48 hours later, Daniel sat slumped in his desk chair, blinking sleepily at incomprehensible symbols on his computer screen. He'd finally been discharged from the infirmary, but not before SG3 had come in hot and he'd been up all night listening to the loud, frustrated sounds of marines being triaged.
Jack considered knocking on Daniel's office doorframe. He'd been standing there almost thirty seconds without a response. The younger man looked pale and exhausted, but considerably less swollen and definitely not dead, so the zombie visage was a move in the positive direction.
"Hey." Daniel shifted his gaze toward Jack with a speed that made Jack thankful he was not yet cleared for active duty. A sloth would react faster.
"Hey." The raspy voice and subtly blood shot eyes made Jack feel a bit guilty for the sloth comparison and definitely thankful that Daniel was still confined to base.
"I thought about bringing flowers, but decided more pollen was probably not going to help. Carter managed to clean this off, though. She thinks that it shouldn't have anything from P12X-597 stuck to it anymore.
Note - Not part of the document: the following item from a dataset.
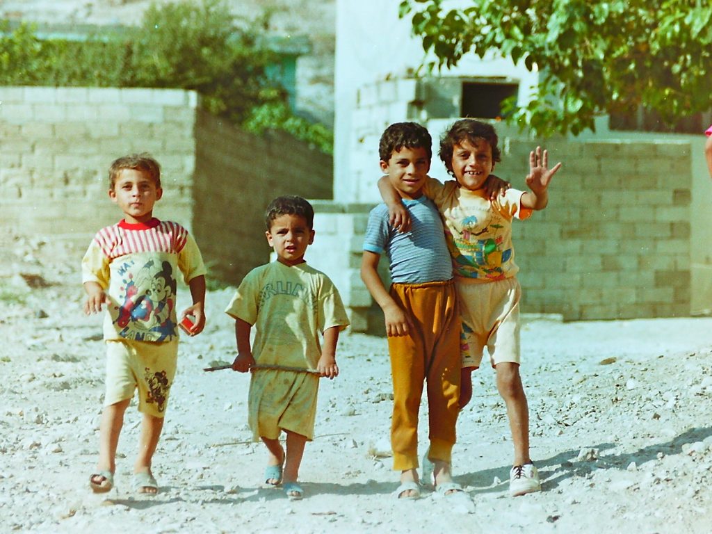 La foto ferma da sinistra JABER (il consolatore) di 5 anni e suo fratello NA’IM (colui che è buono, benefico) di 3; gli altri due bambini con cui giocano sono SAMIR (il compagno divertente) di 7 e ABDEL ‘ADIL (servo del giusto) di 8 anni.

These, too," Jack plopped Daniel's camcorder and a pair of his glasses atop a pile of papers. Daniel grinned.
"Thanks and, uh… thanks." Jack smiled and nodded.
"Oh, anytime. I'd never pass up the opportunity to stab you." Daniel rolled his eyes.
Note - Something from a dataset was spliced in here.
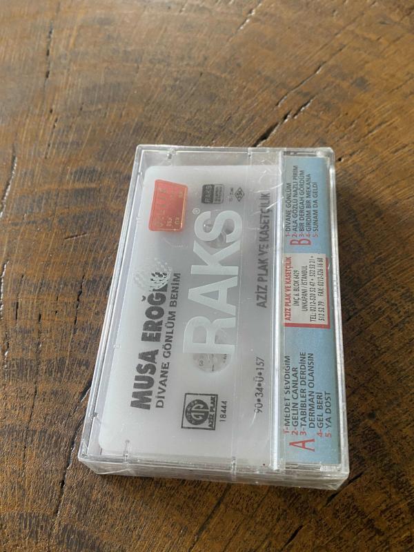 MUSA EROĞLU - DİVANE GÖNLÜM BENİM - KASET 1990 - AZİZ PLAK A1 MEDET SEVDİĞİM A2 SELİN CANLAR A3 TABİBLER DERDİNE DERMAN OLANSIN A4 GEL BERİ A5 YA DOST B1 DİBANE GÖNÜLÜM B2 ALA GÖZLÜ NAZLI PİRİM B3 BİR DERGAH GÖRDÜM B4 GİRDİM BİR MEKANA B5 SUNAM DA GELDİ

"Carter is heading back with SG11 later today. She said they'll get more footage of the temple and anything else they find." Turning the camcorder over, Daniel retrieved the memory card to begin the downloading process, not exactly sure if he wanted to learn more about P12X-597 and definitely sure that he didn't want to relive his own experience there.
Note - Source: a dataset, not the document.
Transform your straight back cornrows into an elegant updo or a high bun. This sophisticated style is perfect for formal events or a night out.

"So, it turns out Teal'c has never seen Jumanji. He's got it all set up, making popcorn and everything. Are you game? It's bound to be more fun than whatever that is." Nodding his head and tossing the memory card aside, Daniel followed Jack out of his office. At least the vines on that screen wouldn't be covered in pollen that could kill him.
Not twenty minutes into the movie, Jack had to restrain himself from heading back to Daniel's office for his camera. Teal'c was completely engrossed in the film, thoroughly invested in the plot, and Daniel was fast asleep, head lolled back onto Teal'c's shoulder, mouth open, snoring faintly with the popcorn bowl forgotten between the two of them. Reaching across the slumbering archeologist for a handful of popcorn, Jack smirked. This sort of drama was definitely superior to the kind that involved needles.